Vocación y misión de la familia hoy (Ante el nuevo Sínodo sobre la Familia)

Mons. Julian LópezMons. Julián López     Queridos diocesanos:

Del 4 al 25 de octubre va a tener lugar en Roma la XIV Asamblea general ordinaria del Sínodo de los Obispos, dedicada a “La vocación y la misión de la familia en la Iglesia y en el mundo contemporáneo”.  Sin duda recordaréis que el año pasado ya se celebró otra asamblea sinodal, pero de carácter extraordinario, sobre el mismo tema. No os sorprenda que se dediquen dos grandes reuniones sinodales a la familia. Este hecho es indicativo de la gran importancia que tiene esta realidad humana tan decisiva también para la vida de los cristianos. El Sínodo de 2014 fue ante todo una gran toma de conciencia de la situación de la familia hoy, de sus retos y de sus dificultades, sin olvidar tampoco sus valores. Al clausurarlo (18-X-2014), el Papa Francisco, pensando ya en el Sínodo de 2015, afirmó: “Tenemos todavía un año por delante para madurar, con verdadero discernimiento espiritual, las ideas propuestas y encontrar soluciones concretas a tantas dificultades e innumerables desafíos que las familias deben afrontar; para dar respuestas a los numerosos desánimos que circundan y ahogan a las familias. En estas palabras está explicada la razón de ser de la nueva asamblea sinodal y su vinculación con la precedente.

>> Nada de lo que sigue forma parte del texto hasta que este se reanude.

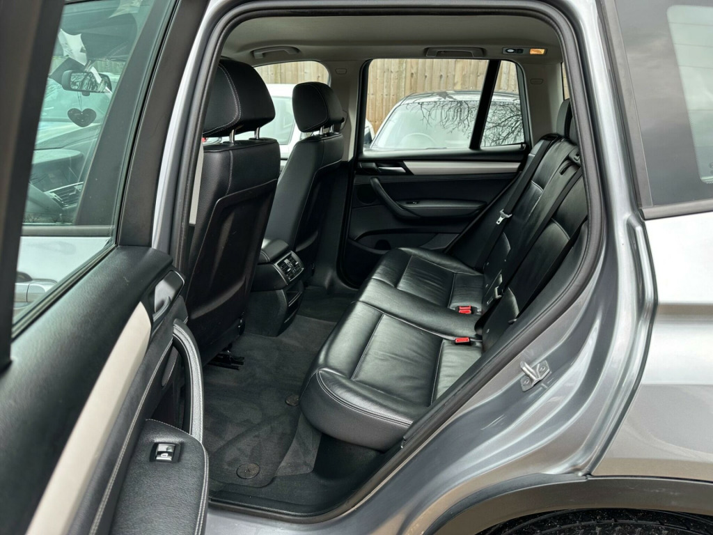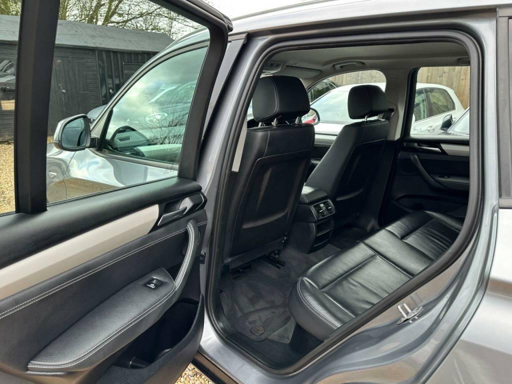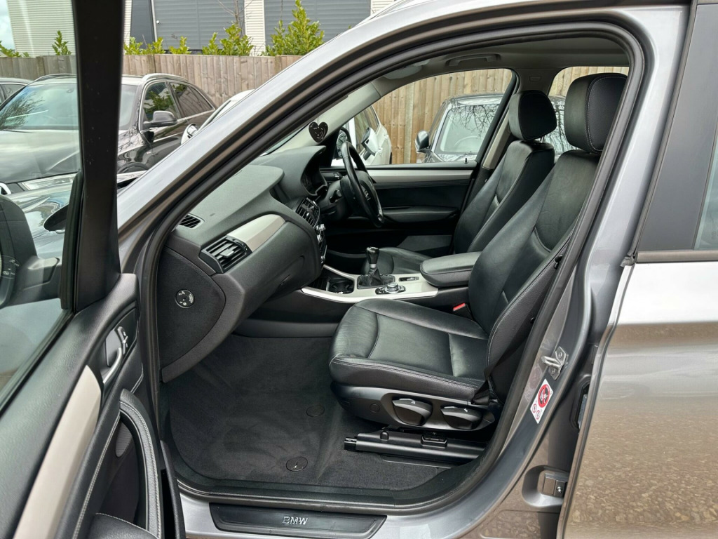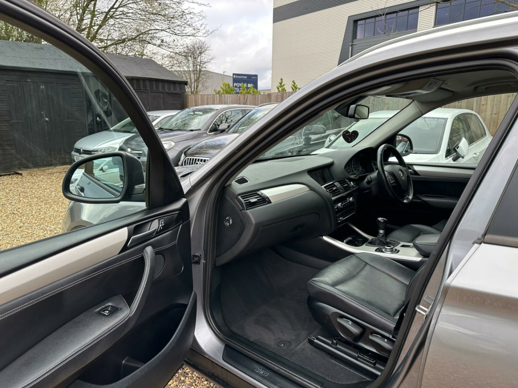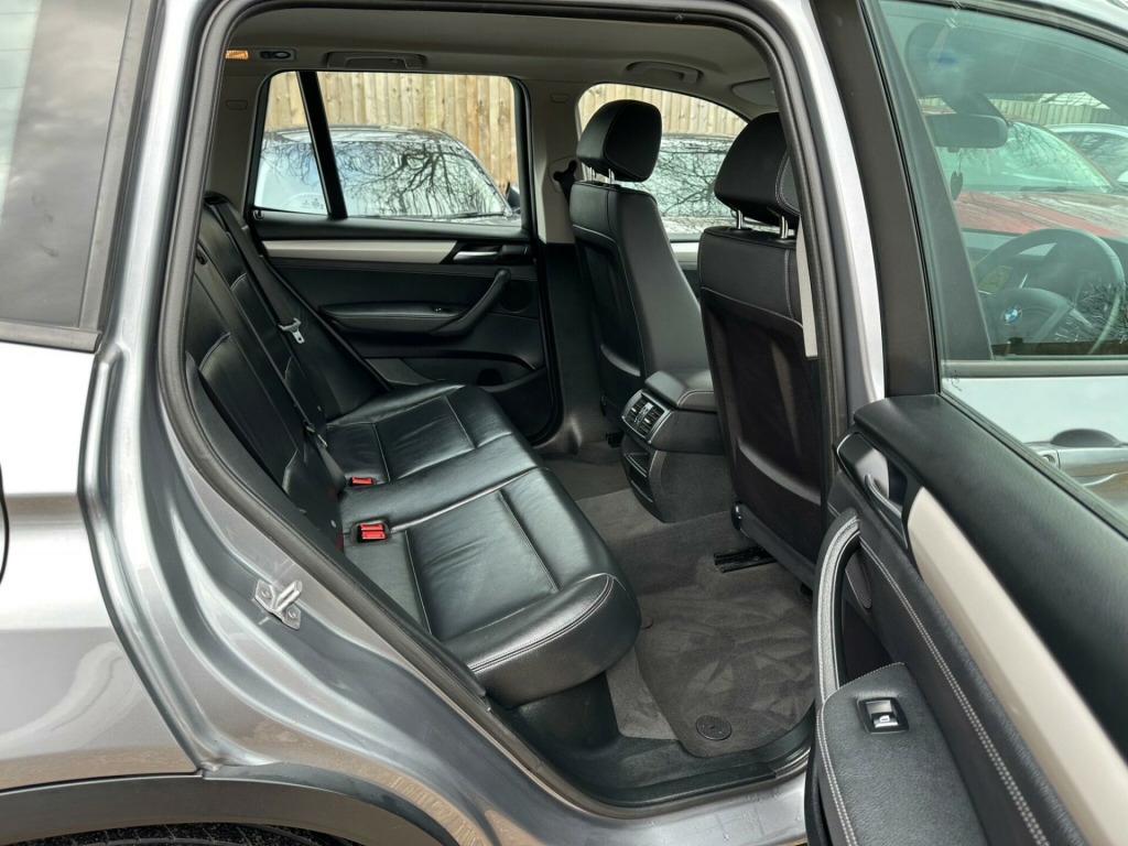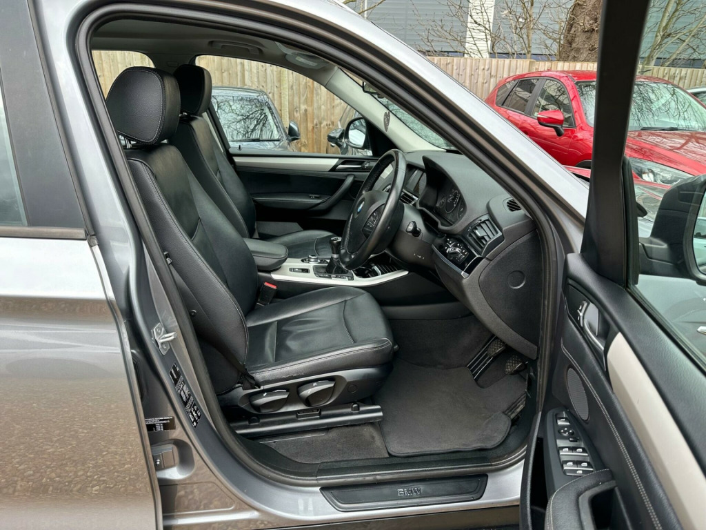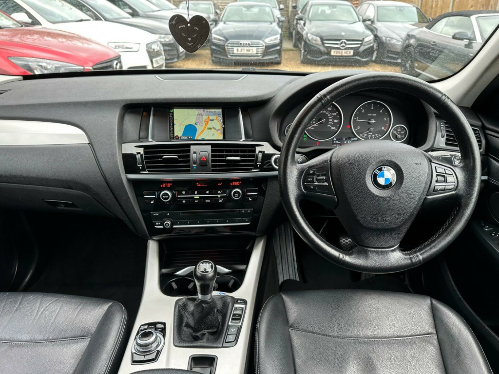 Boasting a full service history and only two previous owners, this 2015 BMW X3 20d SE presents a compelling proposition. This four wheel drive model is equipped with a 2.0 litre diesel engine and meets Euro 6 emissions standards. Inside, you will find comfortable front seats that are heated, perfect for colder journeys, and automatic two zone climate control to ensure everyone stays comfortable. Practicality is also key, with a through loading system and a leather gear lever gaiter adding to the refined interior.This BMW X3 20d SE offers impressive performance and efficiency, achieving 0 to 62 miles per hour in just 8.1 seconds, demonstrating its capability. Its fuel economy is a notable highlight, returning an excellent 52 miles per gallon, which indicates it is more economical than many similar vehicles. The large boot space further enhances its practicality for families or those needing extra room. With an MOT valid until November 2026 and a three month warranty included, this X3 provides peace of mind for its next owner.. 12V Power Socket - Centre Console, 12V Power Socket - Luggage Compartment, 17in Alloy Wheels - Light V-Spoke - 304, ABS - Anti Lock Braking System, ASC - Automatic Stability Control, Additional Detachable Cupholder, Air Conditioning - Automatic with Two-Zone Control, Air Microfilter, Airbags - Driver, Airbags - Driver and Front Passenger Side, Airbags - First and Second Seat Row ITS Head, Airbags - Passenger, Airbags - Passenger Deactivation, Alarm System Thatcham 1 with Remote Control, Ambient Interior Lighting, Anti Roll Bars - Front and Rear, Armrest - Front with Storage Compartment, Automatically Dimming Rear View Mirror, Auxiliary Input, BMW Emergency Call, BMW Mobility System, BMW Navigation System, BMW Online services, BMW Professional Radio - Single CD and MP3, BMW TeleServices, Bluetooth Hands Free with USB Audio Interface, Bootlid Operation - Powered, Brake Drying, Brake Fade Compensation, Brake Force Display, Brake Pre-Tensioning, CBC - Cornering Brake Control, Central Locking - Doors Boot Fuel Cap via Remote Key, Child Proof Locking System - Rear Doors, Child Seat ISOFIX Attachment - Rear, Courtesy Lights - Front and Rear with Soft On-Off Dimming, Crash Sensor - Activating Central Locking-Hazard Warning Lights-Fuel Cut Off, Cruise Control with Brake Function, DAB Digital Radio, DBC - Dynamic Brake Control, DSC - Dynamic Stability Control - Stabilises the Vehicle in Extreme Situations - Controls Traction, DTC - Dynamic Traction Control, Deformation Zones - Front and Rear, Door Handles - Body Colour, Door Mirrors - Drivers Aspheric, Door Mirrors - Electric and Heated and Aspheric, Drive Performance Control, EBD - Electronic Brake-Force Distribution, Electric Windows - Front and Rear with Open-Close Fingertip Control, Electro Mechanical Parking Brake, Embellishers for Instrument Panel - Black High-Gloss, Engine Immobiliser, Enhanced Bluetooth Telephone Functionality with USB Audio Interface and Voice Control, Exterior Trim - Black, First Aid Kit, Floor Mats - Velour, Follow Me Home Headlight Function, Footwell Lights - Front, Front Fog Lights, Gear Lever Gaiter in Leather, Glove Compartment - Illuminated, Grab Handles with Four Coat Hooks, HDC - Hill Descent Control, Head Restraints - Front and Rear, Head Restraints - Height and Angle, Headlights - Automatic Activation, Headlights - Height Adjustment, Heated Windscreen Washer Jets, High Level Third Brake Light, Hill Start Assist, Incorrect Fuelling Protection System, Interior Colour - Black, Interior Lighting, Interior Trim - Satin Silver, Kidney Grille - Chrome with Black Vertical Slats, Locking Wheel Bolts, Luggage Compartment - Additional Storage on Each Side and Under Floor, Luggage Compartment - Illuminated with Four Lashing Eyes in Boot Floor, Luggage Compartment - Removable Cover, Media Package - BMW Business, Multifunction Controls for Steering Wheel, Navigation System - BMW Business Advanced, OBC - On-Board Computer, Optimum Shift Indicator, PDC - Park Distance Control - Front and Rear, PDC - Park Distance Control - Rear, Power Steering - Electric, Rain Sensor, Reading Lights - Front and Rear, Roof Rails - Matt Aluminium, Seats - 60-40 Split Folding Rear, Seats - Front Heated, Seats - Manual Adjustment for Height - Fore and Aft Position - Recline Angle, Side Impact Protection, Speaker System with Five Speakers, Steering Column with Manual Reach and Rake Adjustment, Steering Wheel - 3-Spoke Leather, Steering Wheel - Leather Multifunction, Storage Compartment - Front Door Pockets, Storage Compartment - Trays in Centre Console, Sun Visors with Illuminated Vanity Mirrors and Ticket Holder, TMC - Traffic Information, TPMS - Tyre Pressure Monitoring System, TPWS - Tyre Pressure Warning System, iDrive Controller on Centre Console with 6.5in Colour Display, Enhanced Bluetooth Telephone Preparation with USB Audio Interface, Through-Loading System, Remote Services, Nevada Leather - Black with Black Interior. Full service history

No se ha perdido el tiempo, el resumen final del Sínodo de 2014 desembocó en una serie de grandes preguntas que se enviaron a las conferencias episcopales y a otros organismos de la Iglesia. Este nuevo cuestionario fue estudiado y respondido por los obispos pero también por miles de personas a través de las delegaciones diocesanas de pastoral familiar, como ha ocurrido en nuestra diócesis, y de otros cauces. Así se ha elaborado el instrumento de trabajo de la actual asamblea sinodal. Nunca un Sínodo había dado la palabra a una representación tan grande del pueblo de Dios.

El citado documento se articula en tres partes: “La escucha de los desafíos que afronta la familia” (I parte) en clara continuidad y referencia al sínodo extraordinario de 2014; “El discernimiento de la vocación familiar” (II parte), de carácter más bien teológico; y “La misión de la familia hoy” (III parte), con el propósito de ofrecer estímulos pastorales para una renovada evangelización en y a través de la familia. Interesa conocer la organización de la temática familiar que estudiará el Sínodo porque este será también el orden seguido en las sesiones.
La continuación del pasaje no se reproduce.